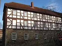 The Hospital of the Five Wounds is one of the largest half-timbered houses in Hildesheim. The address is Godehardsplatz 9–11 which is a large square in front of the Romanesque St. Godehard, but actually it is in a small and rather steep side lane. The building has four floors and a half-hip roof.
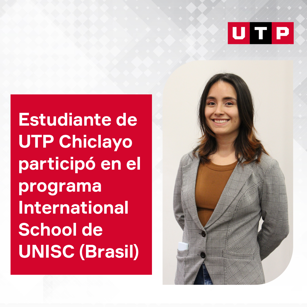 A través del programa Movilidad Internacional de la UTP, Nelly Jiménez, alumna del octavo ciclo de Administración y Marketing del Campus Chiclayo, obtuvo una beca para formar parte del programa International School de la Universidade de Santa Cruz do Sul (UNISC), en Brasil. Durante su estancia, analizó los diversos Objetivos de Desarrollo Sostenible (ODS) y sus implicancias en diferentes países.
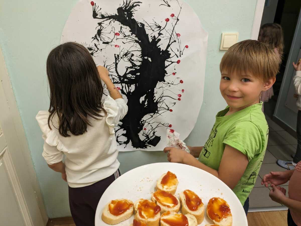 Přišel podzim a chřipka s rýmou obcházejí naši školu. V oddělení Krtečků si proto udělali Šípkový den, aby si připomněli, jaké vitamíny šípek obsahuje a jak můžeme bojovat proti nemocem a nachlazení. Ochutnali šípkový džem, uvařili si šípkový časj a namalovali šípky na větvičku, kterou vytvořili rozfoukáním tuší.
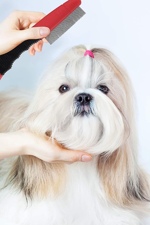 - 🐎STEEL TOOTH COMB - strong steel bristles spaced tightly together remove even the toughest knots and mat from pet fur. This fine tooth pet comb will ensure that all hair is brushed neatly in place without any loose hair, fleas, ticks or dirt of any kind.

- Exercise:
Write the data above out again exactly, every line of it, and exclude the pictures.

- Answer to this task:
 The Hospital of the Five Wounds is one of the largest half-timbered houses in Hildesheim. The address is Godehardsplatz 9–11 which is a large square in front of the Romanesque St. Godehard, but actually it is in a small and rather steep side lane. The building has four floors and a half-hip roof.
 A través del programa Movilidad Internacional de la UTP, Nelly Jiménez, alumna del octavo ciclo de Administración y Marketing del Campus Chiclayo, obtuvo una beca para formar parte del programa International School de la Universidade de Santa Cruz do Sul (UNISC), en Brasil. Durante su estancia, analizó los diversos Objetivos de Desarrollo Sostenible (ODS) y sus implicancias en diferentes países.
 Přišel podzim a chřipka s rýmou obcházejí naši školu. V oddělení Krtečků si proto udělali Šípkový den, aby si připomněli, jaké vitamíny šípek obsahuje a jak můžeme bojovat proti nemocem a nachlazení. Ochutnali šípkový džem, uvařili si šípkový časj a namalovali šípky na větvičku, kterou vytvořili rozfoukáním tuší.
 - 🐎STEEL TOOTH COMB - strong steel bristles spaced tightly together remove even the toughest knots and mat from pet fur. This fine tooth pet comb will ensure that all hair is brushed neatly in place without any loose hair, fleas, ticks or dirt of any kind.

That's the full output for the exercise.